The Texas Folklore Society produced its first publication in 1912, with W. H. Thomas's Some Current Folk-Songs of the Negro. In 1916, the Society came out with its first full-length collection of articles that had been given at annual meetings; since then, it has published over seventy regular volumes in its Publications of the Texas Folklore Society series, including a three-volume history of the organization from 1909 through 2000. The Society has also supported the publication over two dozen single-author "Extra Books" on folklore. Many publications are miscellanies, covering a wide range of research interests, while other books have a specific focus, such as folk songs and music or hunting and fishing lore.
TFS also publishes two newsletters each year, one in January and another in June. Our January issue includes information on our annual meeting as well as registration information, and our June issue provides exciting highlights of the meeting and previews the upcoming publication.
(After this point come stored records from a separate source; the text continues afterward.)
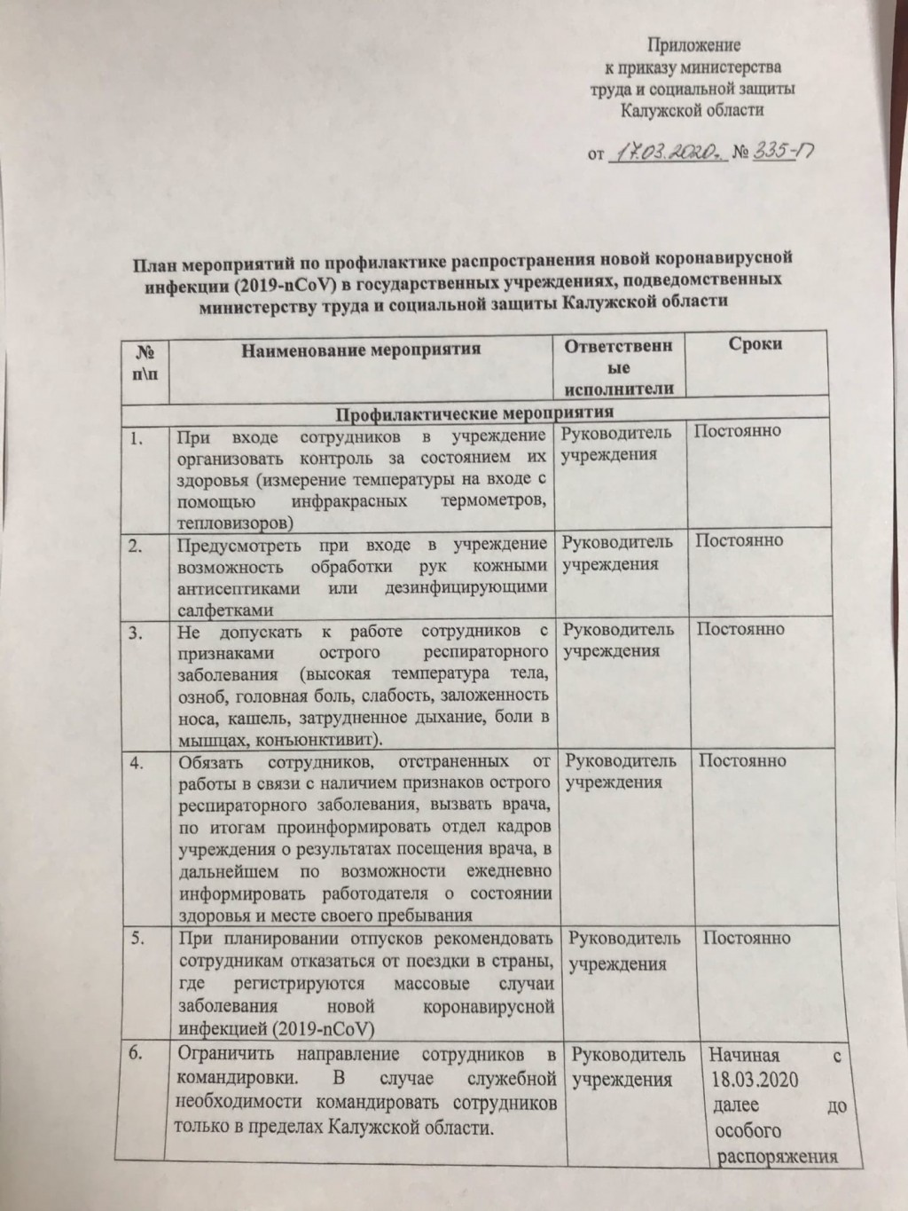 В соответствии с ПОСТАНОВЛЕНИЕМ ПРАВИТЕЛЬСТВА КАЛУЖСКОЙ ОБЛАСТИ от 17 марта 2020г. №200 «О введении режима повышенной готовности для органов управления и сил территориальной подсистемы Калужской области единой государственной системы предупреждения и ликвидации чрезвычайных ситуаций» и Приказом МИНИСТЕРСТВА ТРУДА И СОЦИАЛЬНОЙ ЗАЩИТЫ КАЛУЖСКОЙ ОБЛАСТИ от 17 марта 2020г. №335-п «О мерах профилактики распространения новой коронавируснойинфекции в государственных учреждениях, подведомственных министерству труда и социальной защиты Калужской области» ГАУ КО «Центр постинтернатного сопровождения «Расправь крылья!» закрыт на карантин с 18.03.2020г. до 03.04.2020г.
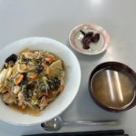 続きを読む »10/17 〇中華丼(豚肉・白菜・人参・筍・椎茸 ・きくらげ・小松菜) 漬物 味噌汁(里芋・ねぎ・油揚げ) 金曜日は丼の日! 今週は野菜たっぷりの中華丼です。 リヴェールで採れた新鮮な白菜とねぎを ふんだん […]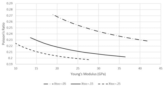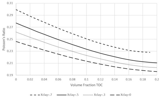 Figure 9) although the percent change is much smaller for Poisson’s ratio than for Young’s modulus. The magnitude of the increase in Poisson’s ratio with clay volume fraction is reduced at higher TOC where Poisson’s ratio becomes relatively insensitive to changing TOC as the curves flatten out.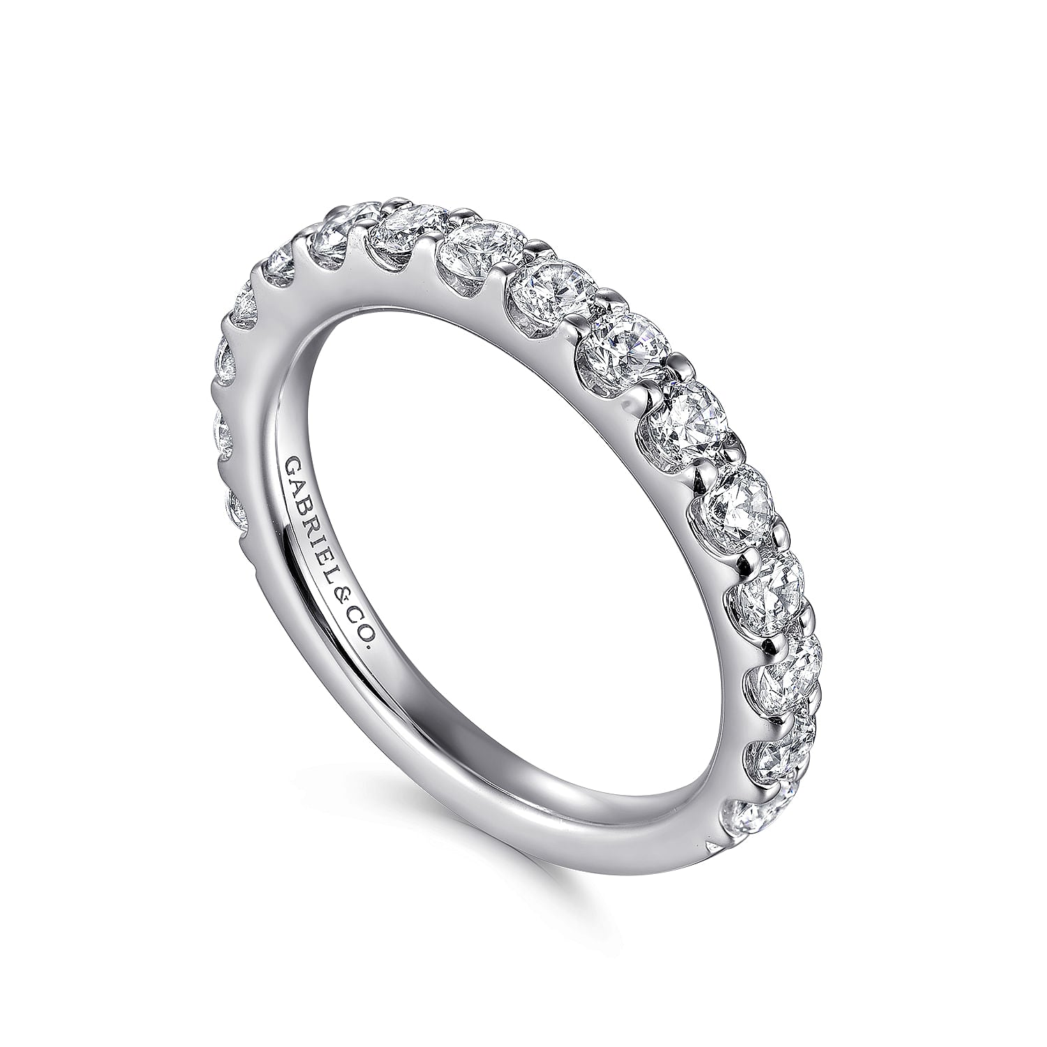 Ladies 14K White Gold shared Prong Diamond Wedding Band containing Sixteen (16) Round Diamonds having an approximate total weight of .98ct Color GH/Clarity SI2y

Each newsletter now features a Member Spotlight that provides information on a random member. To download our latest newsletter for free, visit our "newsletters" page.
TFS books are published by the University of North Texas Press and distributed by Texas A&M University Press and the Texas Book Consortium. The University of North Texas Press has also made most TFS publications available electronically, through The Portal to Texas History at https://texashistory.unt.edu/. Practically every volume is available through print-on-demand, and current members receive a 20% discount on all TFS books. The toll-free number to order is 1-800-826-8911.
Our 2019 publication will be #27 in our series of extra books, A Boyhood Dream Realized: Half a Century of Texas Culture, One Newspaper Column at a Time. As the title suggests, the book will be a collection of columns the Lubbock Avalanche-Journal brought to us by journalism legend Burle Pettit, who worked in the newspaper industry for half a century. These columns represent decades of observations of local lore, customs, traditions, legends, beliefs, and folkways of West Texas. Although the newspaper industry has changed a great deal from the time Burle Pettit first began his career, newspapers still reflect what is most important to a group of people. They are, in a way, the heartbeat of a region, and they serve as a record of people’s livelihoods and losses, their triumphs and tragedies, and their musings and memories.
Purchase our latest book!
The TFS is proud to announce #26 in our series of extra books, The San Saba Treasure: Legends of Silver Creek. In 1868, four treasure hunters from San Marcos, Texas, searched for a lost mine on the San Saba River filled with thousands of silver bars left by Spanish miners. Now TFS member David C. Lewis, a descendant of one of those adventurers, is on his own quest to find the history behind the legend once popularized by J. Frank Dobie in his classic book Coronado’s Children. While the author warns that this book, though it does contain a map, will not lead you to silver and gold, it will lead you to a treasure trove of mystery, wonder, and dozens strange and interesting characters.